Originally published on Data Centre Review.
Digital transformation is overhauling the IT approach of many organizations and data is at the center of it all. As a result, organizations are going through a significant shift in where and how they manage, store and process this data.
To manage big data in the not so distant past, enterprises processed large volumes of data by building a Hadoop cluster on-premises using a commercial distribution such as Cloudera, Hortonworks, or MapR.
The data analyzed was mostly structured and required a large capital expenditure upfront to purchase the necessary hardware. Adding to this, Hadoop is a complex infrastructure to manage and monitor, requiring organizations to employ individuals with a specialized skill set, skills which are rare to come by.
To tackle these issues many organizations have been looking towards the cloud. Yet the benefits promised from moving big data projects to the cloud haven’t been realized for most organizations and as a result, data lakes are still being left on-premises.
Heading for the clouds
By creating or migrating their big data architecture to the cloud, organizations can take advantage of tremendous operational cost savings, nearly limitless data processing power, and the instant scaling options the cloud provides. Additionally, they don’t have to have large capital expenditure up front or worry about having intimate knowledge of Hadoop.
Many enterprises are going through this ‘lift and shift,’ where they move their on-premises data cluster to the cloud. But historically this has also come with its own inherent issues, and a lot of the challenges with moving big data projects to the cloud have centered around simply getting the right data in the right place.
It comes down to skills and cost
Moving big data to the cloud sounds simple enough. But migrating on-premise data lakes to the cloud and then connecting cloud-based big data environments with diverse data sources, while also creating Apache Spark pipelines to transform that data, requires highly technical knowledge and continuous coding resources from data engineers and core IT groups.
Developers must write code to integrate with each application’s programming interface (API) and authentication mechanisms, thereby enabling the data to freely move between the applications and the data lake. Not only is this an incredibly time-consuming process, it is also error-prone, two realities that are magnified during the maintenance stage of cloud-based big data projects.
As with any other software project, code decays over time and must be updated. If the developer who wrote the code leaves the company, often the IT organization’s ability to understand the pipeline that is being used at the code level also vanishes.
This time drain on critical IT staff is one of the biggest issues organizations have had to overcome in moving to cloud-based big data projects. The intensive management and monitoring required ultimately results in prohibitive operational costs, longer time-to-value and a strategy which does nothing to address the OpEx and skill set gap which is steadily emerging.

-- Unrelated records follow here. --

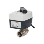 Клапан шаровой двухпозиционный AMZ112 c внутренней резьбой; Ру = 16 бар, Тмакс. = 130 °С; материал – латунь никелированная, время закрытия 30 с/90°, в комплекте с электроприводом, U = 220 В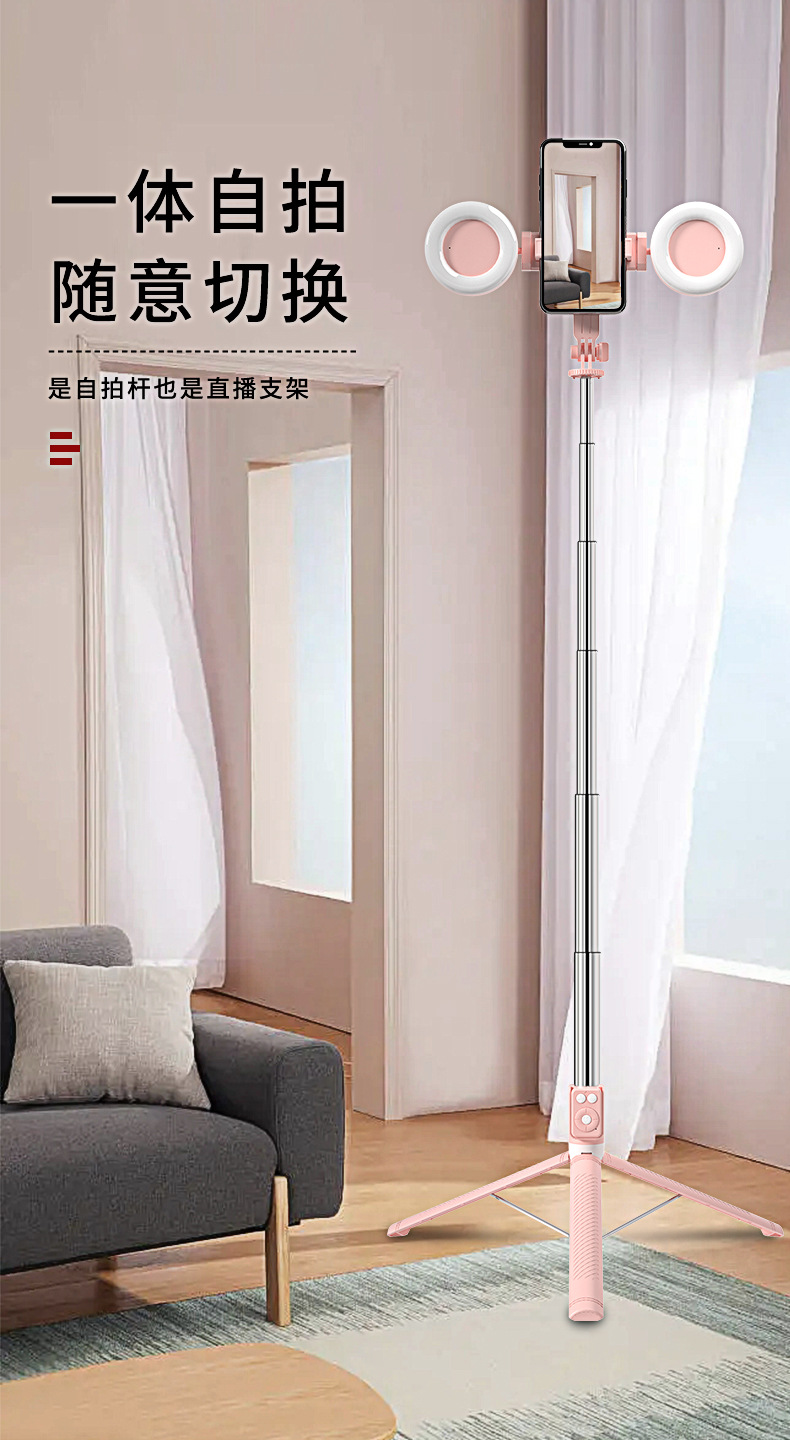 • 1.7m 핑크 듀얼 필 라이트 + Douyin Kuaishou 원격 제어 BT12 촬영 가능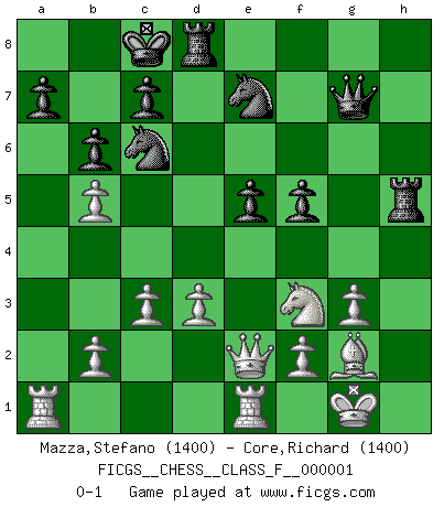 Last move : 0-1 2006 October 5 4:56:22 [Event "FICGS__CHESS__CLASS_F__000001"] [Site "FICGS"] [Date "2006.04.28"] [Round "1"] [White "Mazza,Stefano"] [Black "Core,Richard"] [Result "0-1"] [WhiteElo "1400"] [BlackElo "1400"] 1.e4 b6 2.g3 Bb7 3.Bg2 Nc6 4.Nf3 e5 5.O-O d5 6.exd5 Qxd5 7.Nc3 Qd6 8.Ng5 f6 9.Nge4 Qe6 10.Nb5 O-O-O 11.c3 Be7 12.d3 Ba6 13.a4 f5 14.Ng5 Qg6 15.h4 h6 16.Nf3 Qf6 17.Re1 g5 18.hxg5 hxg5 19.Bxg5 Qg7 20.Bxe7 Ngxe7 21.Qe2 Bxb5 22.axb5 Rh5 0-1 Owen defense Kingside Castling by player White (move 5) Queenside Castling by player Black (move 10) Player Black won this chess game. Follow this game move after move (download)The tactician must know what to do whenever something needs doing; the strategist must know what to do when nothing needs doing. (Savielly Tartakover) Schach ist Leben. (Robert James Fischer) El arma más poderosa en el Ajedrez, es tener la próxima movida. (David Bronstein) Les erreurs sont comme les malheurs, elles n'arrivent jamais seules. (Siegbert Tarrasch) When you don't know what to do, walk fast and look worried. (Anonymous)

Finding individuals with the necessary skills and experience to build big data and cloud pipelines is a tough process. Unsurprisingly this is impacted by the current skills gap in the IT landscape.
Research from Experis has shown demand for big data skills and professionals has grown 78% in the last year, whilst demand for cloud skills and professionals has grown 30% in the same time frame.

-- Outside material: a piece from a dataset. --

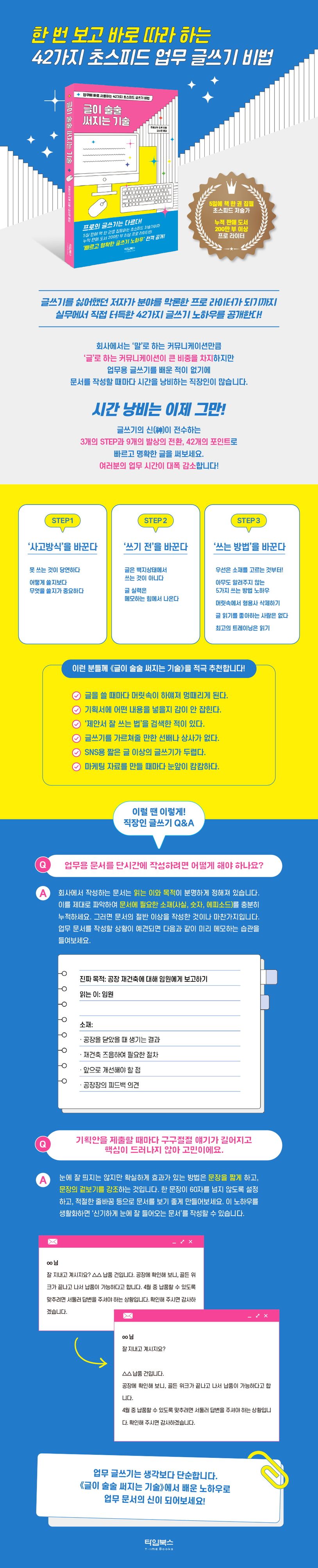 이러한 저자가 업무 글쓰기를 어려워하는 사람들을 위해 단순하면서도 진리에 가까운 핵심 노하우를 공개한다. STEP1에서는 글쓰기에 대한 고정관념을 바꿔주며 STEP2에서는 목적에 맞는 글을 빠르게 쓰려면 어떤 준비를 해야 하는지 알려준다. 마지막 STEP3에서는 구체적인 사례와 함께 바로 활용할 수 있는 글쓰기 노하우를 제시한다. 글을 쓰려고만 하면 손이 굳어버리는 사람들에게 《글이 술술 써지는 기술》은 유용한 해결서가 될 것이다.

With these individuals in such short supply, if you do manage to have them in your IT team, having them focused solely on managing and maintaining the big data environment, both pre, during and post-migration to the cloud is frankly a waste of resources. It also has a big impact on the second big issue in moving to the cloud – cost.
If you employ people who are highly skilled, you want them to deliver significant and strategic benefit to the business. To focus on higher value tasks and projects that will help the organization innovate. The flexibility and scalability of the cloud can be a huge benefit in a drive towards innovation. But the proposed time-to-innovation identified at the start of the cloud migration will never be realized if teams are focused solely on infrastructure management to make the big data project work.
Buy vs build
The solution to this problem is relatively simple, and it all comes down to buy vs build. Unless you’re Google, chances are you’re not going to self-build every aspect of your IT estate. So why should you self-build all the connections you need too?
For big data projects to flourish in the cloud sooner, organizations should look towards implementing a completely managed data architecture, including data integrations (iPaaS), processing (BDaaS) and storage (SaaS).
By doing this, organizations should then be able to effortlessly deliver large data sets to and from their cloud-based data lakes, regardless of where the data is coming from. This approach can also increase productivity by eliminating cumbersome manual tasks around adding information and transforming data, allowing teams to focus on those value delivering activities instead.
By supporting this managed data architecture with self-service, organizations can free up even more time within the IT team. Self-service integration is making it fast and easy for organizations to create automated data pipelines with no coding, and self-service analytics is making it easy for analysts and business users to manipulate data without IT intervention.
By using self-service tools like this it’s not just organizations with fully fleshed out IT teams that can benefit, businesses struggling to recruit coding talent can also develop their own cloud big data pipelines as part of their managed data architecture in the cloud.
Removing the complexities
Running big data projects in the cloud should be simple. All organizations, regardless of size, should be able to realize all the benefits cloud provides as soon as they get up and running, not years down the line. It’s only in taking a step back at the planning stage and removing the complexities surrounding cloud migration and integration that businesses will finally be able to use their big data projects for innovation and to deliver business value.